Il caso
La "Famiglia nel bosco"
Carlo Nordio sceglie la linea della cautela sul caso della famiglia nel bosco e rivendica la necessità di attendere prima di esprimere valutazioni. Intervenendo a Ping Pong su Rai Radio 1, il ministro della Giustizia ha spiegato che, senza avere ancora letto tutte le carte e ascoltato tutte le versioni, un suo giudizio sarebbe non soltanto improprio ma persino illegittimo.
«Prima di aver letto tutte le carte e sentite tutte le voci sarebbe non solo improprio ma addirittura illegittimo se mi pronunciassi», ha detto.
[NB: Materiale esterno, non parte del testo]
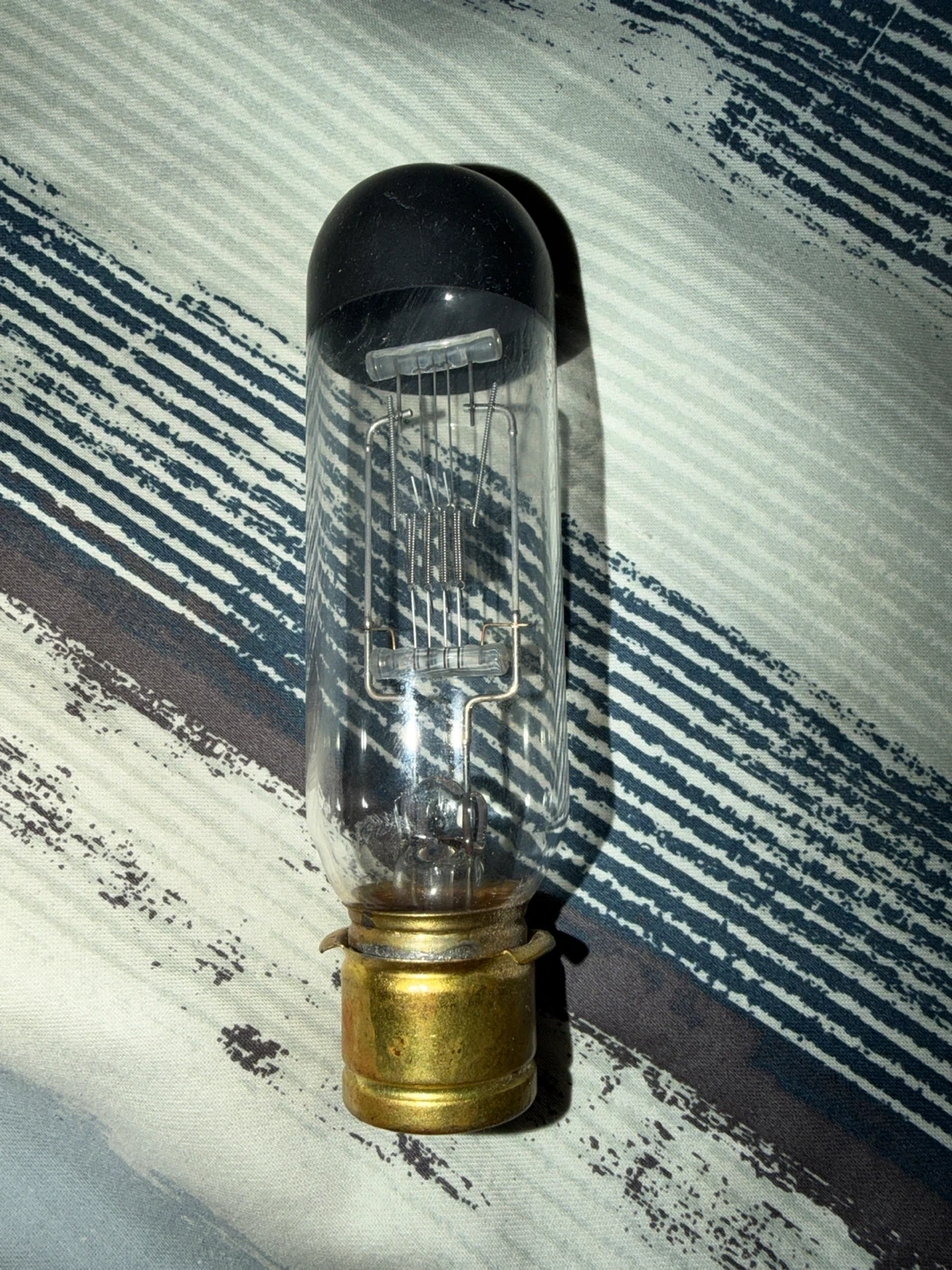 This is a vintage incandescent light bulb with a clear glass casing and a black top. It has a brass-coloured screw base. It's a classic bulb that could be used for decorative lighting or vintage restoration projects.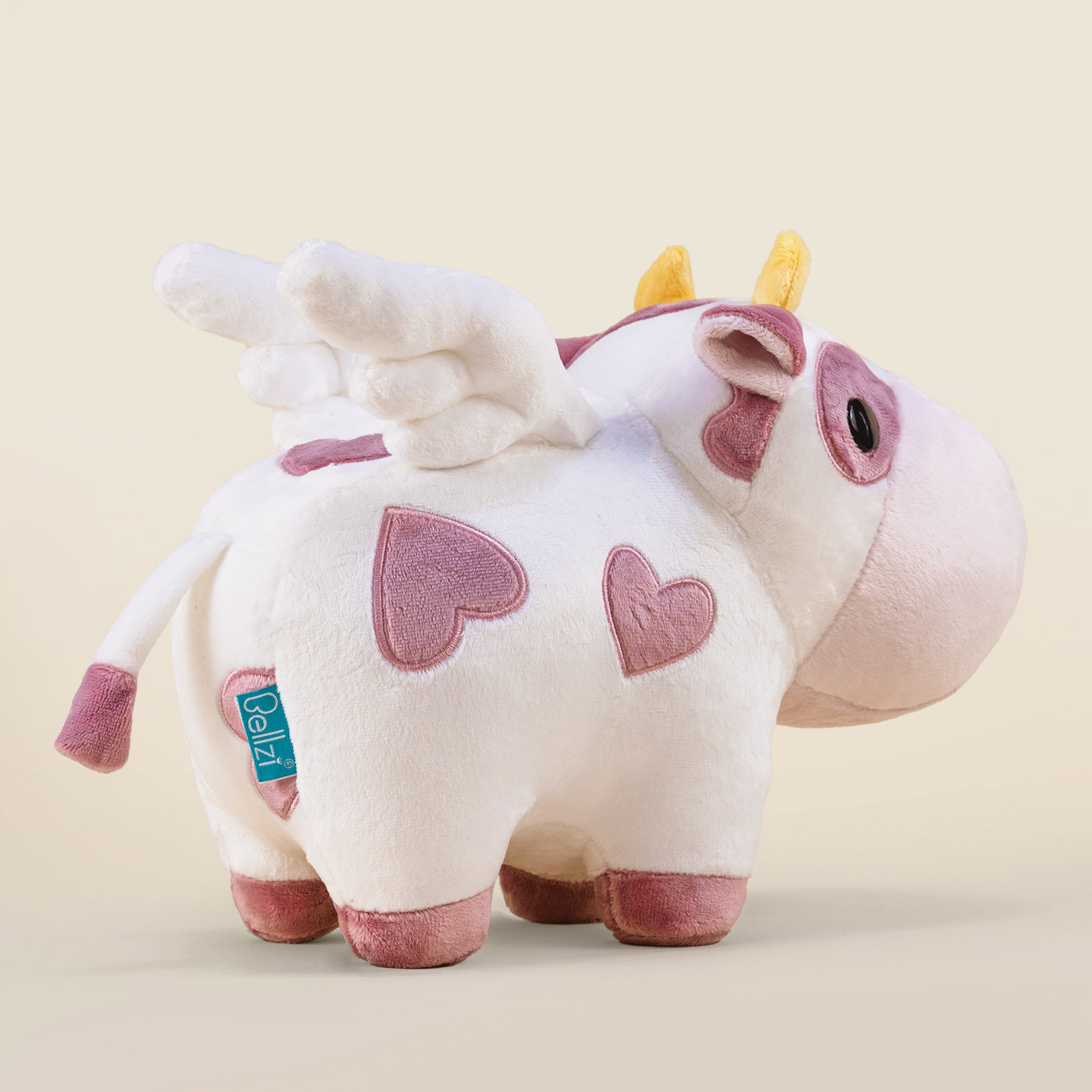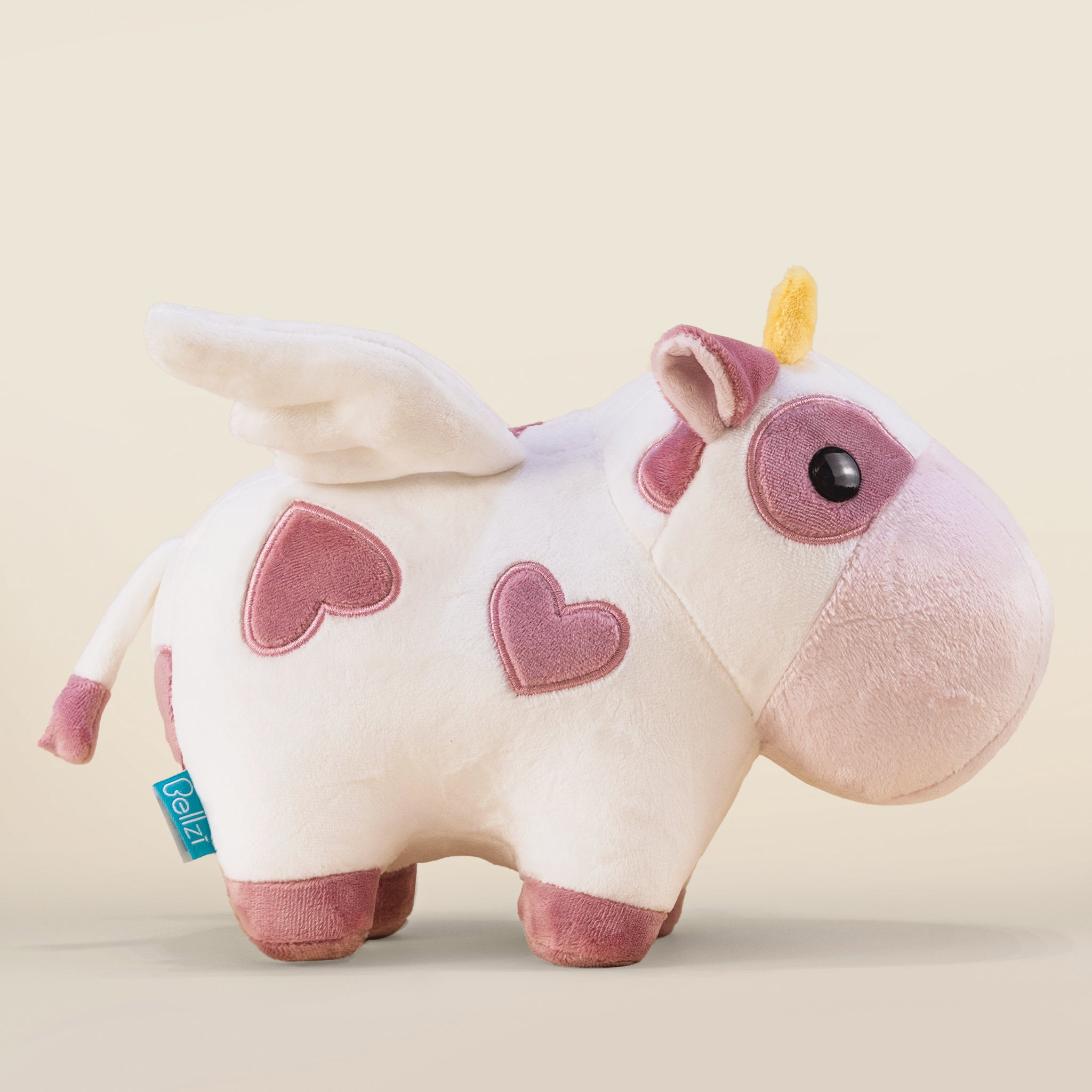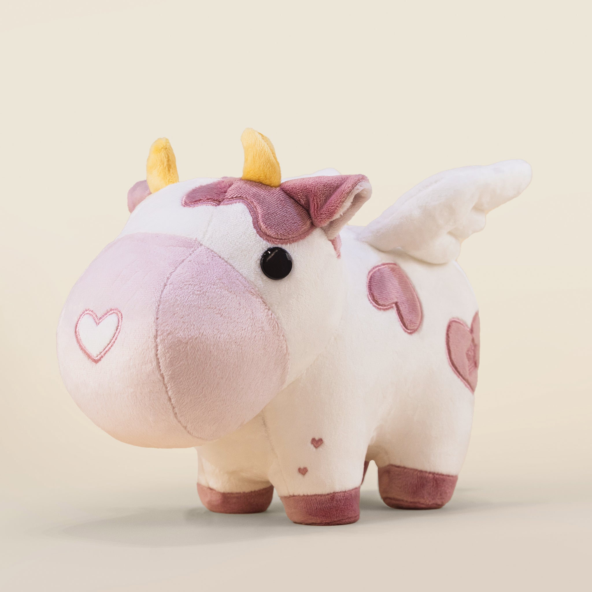 Valentine Mooi is not just a plushie; it’s a love-infused masterpiece! Adorned with embroidered minky heart patches in our delightful mauve, yellow horns, and white wings, Mooi radiates the romantic spirit and lifelike charm that make it the perfect embodiment of love in cow form. From its love-struck gaze to the heartwarming details, Valentine Mooi captures the essence of love in the most moo-ving way.

È una frase che punta a raffreddare il clima attorno a una vicenda già entrata con forza nel dibattito pubblico e politico.
Nel suo intervento, il Guardasigilli ha chiarito anche la funzione dell’attività ispettiva avviata sul caso. «Gli ispettori si mandano per capire bene quali sono i fatti e verificare se esistono o meno gli elementi», ha spiegato.
La scelta di inviare gli ispettori, quindi, viene presentata dal ministro come uno strumento di accertamento preliminare, non come una presa di posizione anticipata sul merito della vicenda.
Nordio è tornato anche su un punto più generale, quello del rapporto tra politica e magistratura quando si parla di azione disciplinare. «Mi è stato rimproverato di aver esercitato pochissime volte l’azione disciplinare, ma io addirittura la toglierei al ministro della Giustizia, perché potrebbe sembrare una interferenza della politica nell’autonomia e nell’indipendenza della magistratura», ha affermato.
Il ministro ha quindi indicato quale sarebbe, a suo giudizio, l’assetto preferibile. «Se fosse per me, l’azione disciplinare dovrebbe essere esercitata soltanto dal procuratore generale della Cassazione», ha sottolineato.
Nordio ha però precisato che proprio l’attività ispettiva può servire a fornire elementi utili anche a chi, eventualmente, dovrebbe valutare il piano disciplinare. «L’attività ispettiva serve per raccogliere i dati che magari il procuratore generale non può avere», ha spiegato.
In questo modo il ministro prova a distinguere il momento dell’ispezione da quello di una eventuale iniziativa disciplinare, insistendo sul fatto che si tratta di piani diversi.
Infine, il Guardasigilli ha respinto le critiche di chi accusa il governo di usare casi di cronaca per fare campagna referendaria a favore del Sì. «Non credo proprio che li strumentalizziamo», ha detto.
Poi ha motivato questa posizione sostenendo che episodi come quello della famiglia nel bosco colpiscono inevitabilmente l’opinione pubblica. «Sono episodi che colpiscono l’immaginazione e la sensibilità della popolazione e rendono evidente che qualcosa nel sistema giudiziario non funziona», ha concluso.